サポートサーフェス(support surface)の2017年春夏コレクションが2016年9月6日(火)、東京・御成門で発表された。
デザイナーの研壁が描き出した今シーズンの世界観は、“作り込まれたさりげなさ”によってもたらされる、フェミニニティとエレガンスが迸るもの。そこには奥ゆかしさがあり、余裕がある。モデル達の表情や歩く速度にも現れるその気配は、無機質でアーキテクチュアルな会場に漂っていた。
土色のようなオレンジや抹茶のようなグリーンなど、和の要素を感じさせるカラーを織り交ぜながら、基本的には落ちついたパレット。そこに彩度の高い赤やピンクを加えることで、心地よいメリハリを演出する。色合いが引き立てるのは、それぞれの布地が持つデザイン。遠くからは見えずとも、ウェアが纏う気配には大きな影響を与えている。
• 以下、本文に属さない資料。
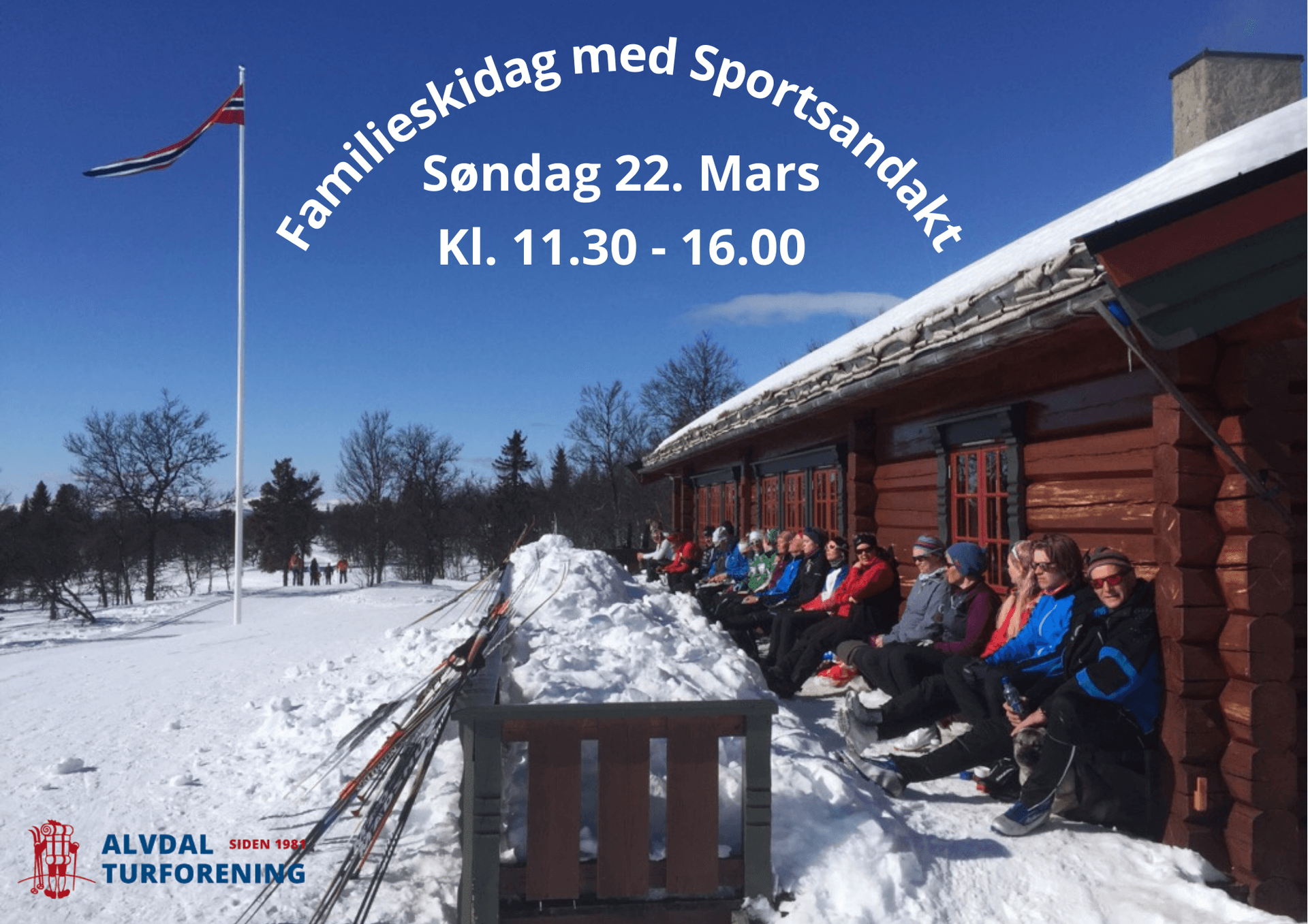 Allmannstua åpen 22. mars Familieskidag med Sportsandakt . kl 11.30 - 16.00

表面には現れないディテール。人工スエードやコットンなど、様々な素材にパンチングなどの加工を施し、物量感のある布地にも透け感や透明感を加えている。季節感を反映させることと、歩を進めた時に“風が見える”こと。その二点が、全体のゴージャスさにも繋がっている。
洋服を見る際、知らず知らずのうちに注目しているのは、胸や膝、顔がある“前側”だろう。しかしこのコレクションでは、前後でどちらも主役になりうるような全く違うデザインを施しているウェアが多数登場する。座る際や屈む際など、負担がかかるのは洋服の後ろ側。実際に使用されるシーンを想定し、生地自体やそのパターンなどを選びぬいた、こだわりの結晶としてワードローブは完成した。